When To Use Graph-Based Approaches

While powerful, graph-based approaches add complexity that isn’t always necessary. Consider this approach when:

  • Your agent workflow might be interrupted and needs to resume
  • You need to visualize complex decision logic
  • Your workflow involves many decision points and branches
  • You want to maintain complex state across multiple steps
  • Different specialists might work on different parts of the flow
  • You’re building mission-critical systems where type safety is essential

For simpler agents, a more direct approach might be preferable.
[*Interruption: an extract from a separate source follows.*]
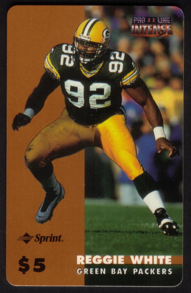 The card has a $5 denomination printed on it, signifying its value within the collectible series. The design integrates the NFL and National Football League branding, showcasing Reggie White as one of football’s most iconic defensive players. The player’s name is printed distinctly, solidifying his identity without any additional graphic elements or other player images on the front of the card.

Conclusion: Thinking in Graphs

The graph-based approach fundamentally changes how we think about complex AI workflows. Rather than a monolithic process, we see a series of discrete steps with clear transitions and persistent state.

Just as the kitchen brigade system revolutionized restaurant cooking, PydanticAI’s graph-based approach enables us to build more complex, resilient, and maintainable AI agents. As these agents take on increasingly sophisticated tasks, such structured approaches will become not just helpful, but essential.

By choosing a production-ready framework like PydanticAI that emphasizes type safety, we set ourselves up for success as our agent systems grow in complexity. The days of “works on my machine” AI agents are fading—the future belongs to robust, resumable, type-safe workflows.